# Riot Games ML Models - Model Registry

This notebook trains the three ML models required for the Riot Games Intelligence Agent:
- **Revenue Forecasting** - Predict future monthly revenue from player purchases
- **Player Churn Risk Classification** - Identify players likely to quit the game
- **Toxicity Prediction** - Estimate the probability that a player will have behavior incidents

All models are registered to Snowflake Model Registry and exposed to the agent through `sql/ml/07_create_model_wrapper_functions.sql`.

## Prerequisites

**Required Packages** (configured automatically):
- `snowflake-ml-python`
- `scikit-learn`
- `xgboost`
- `matplotlib`

**Database Context:**
- **Database:** RIOT_GAMES_INTELLIGENCE  
- **Schema:** ANALYTICS  
- **Warehouse:** RIOT_GAMES_SI_WH

**Note:** This notebook uses Snowflake Model Registry. Ensure you have appropriate permissions to create and register models.

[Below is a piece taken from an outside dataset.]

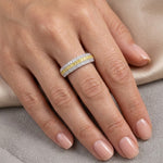 Fancy Intense Yellow and White Pave Diamond Milgrain Band Ring

## Import Required Packages


In [None]:
import pandas as pd
import warnings
warnings.filterwarnings('ignore')

from snowflake.snowpark.context import get_active_session
import snowflake.snowpark.functions as F
import snowflake.snowpark.types as T
from snowflake.snowpark import Window

from snowflake.ml.modeling.preprocessing import StandardScaler, OneHotEncoder
from snowflake.ml.modeling.pipeline import Pipeline
from snowflake.ml.modeling.linear_model import LinearRegression, LogisticRegression
from snowflake.ml.modeling.ensemble import RandomForestClassifier
from snowflake.ml.modeling.metrics import mean_squared_error, mean_absolute_error, accuracy_score
from snowflake.ml.registry import Registry

print("✅ Packages imported successfully")

## Connect to Snowflake

Get the active session and set context to the Riot Games database.


In [None]:
session = get_active_session()

session.use_database('RIOT_GAMES_INTELLIGENCE')
session.use_schema('ANALYTICS')
session.use_warehouse('RIOT_GAMES_SI_WH')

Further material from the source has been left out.